PETER GABRIEL (3 - "MELT")

Peter Gabriel

 

Crossover Prog

4.21 | 616 ratings

From Progarchives.com, the ultimate progressive rock music website

Dayvenkirq
4 stars I think that had it not been for the magnificent cover of the album, I probably would never hear it again. I know that this only justifies my poor judgment of any record out there.

Let's start with the opener. Oh, dear, it took me a long time to develop my own interpretation of what Peter Gabriel meant in the lyrics. I completely forgot about songmeanings.com and took some time to ponder about it over opening and sealing barrels with oil filters in them. Then, finally, it came to me: maybe the song is about a psychological intruder who knows everything about what's going on in your head, who breaks in, enters, and can turn your whole world upside down after a very successful "slipping the clippers through the telephone wires". That really reminds me of my stepdad. The music is very seminal, extraordinary, and impressive.

'No Self-Control' is my personal favorite. The production values are even weirder than on the previous track, yet all of the sounds on this track are carefully arranged, too. This is perhaps the only time I get to enjoy the way Kate Bush provides her haunting vocal delivery. Robert Fripp's guitar work is the pinnacle for me: don't miss the crazy chord progression in the "chorus".

I am very allergic to synth-pop, but 'I Don't Remember' does a lot of justice to me. Robert Fripp once again really shines on his guitar. OK, this may be just words to you, but let me repeat this: really shines on his guitar. Breathe in some life. The experimental coda is astonishing. 'And Through the Wire' features one of my favorite riffs in all of the world of rock guitar, thanks to Paul Weller. The song feels melancholic in the middle eight, but for the most part the song features a powerhouse performance from the guest musicians. "Watch the wire!"
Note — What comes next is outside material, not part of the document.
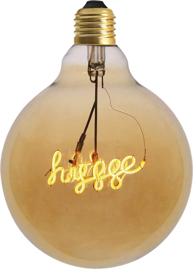 Colors HYGGE G125 DIM LED lyskilde fra Halo Design er en LED lyskilde der giver et varmt behageligt lys, og med det smukke design som vi kender det fra de gode gamle dage som giver 1800 kelvin grader – nemlig glødetråden, danner denne rammen om at kunne skabe samme stemning med hyggeligt lys som tillige er skrevet som bogstaver imed LED lyset, skabt til at give en behagelig belysning.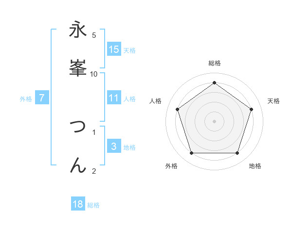 永峯 つんさんの天格は15画の4点!

I didn't like 'Games Without Frontiers' on the first two-three listens. Even when I was playing World of Warcraft (can't remember which region, though), I still didn't like its 80's sound. But one day I decided to force myself to like that cheap groove, and it kind of worked. Then, when I was flying over Schnottz's Landing in Northrend, I liked it even more. The whistling and the way Peter sings the lyrics make the song even catchier. 'Not One of Us' confuses me lyrically a bit, but at least that song is catchy and it has an ending that is ominous to a surprising degree. Ditto for 'Lead a Normal Life'. Dig in.

The album closes with 'Biko', which is pretty impressive for the first protest song Peter Gabriel has ever written. I don't find this song particularly striking musically or lyrically, but it sounds good to me. It is through that song that I have learned about Steve Biko, one of the leaders of the anti-apartheid movement in South Africa, who was tortured "in the police room 619". I can't remember why the police did that, but I bet that they did it out of ignorance, and anything that is based on ignorance can barely even be called a reason. Oh, well.

By the way, I don't just like discussing only my favorite stuff; I just don't want to discourage you from listening to what I personally consider as something poorly made. That said, why don't you hear 'Family Snapshot' and make your own conclusions about this track. There is just nothing appealing to me musically and lyrically. Also, expect some deranged codas for almost every other track on the album (wink).

Ratings/comments (if you have to ask):

'Intruder' - ****

'No Self-Control' - ****

'Start' - ***

'I Don't Remember' - ****

'Family Snapshot' - * (why don't you make your own conclusion on this one)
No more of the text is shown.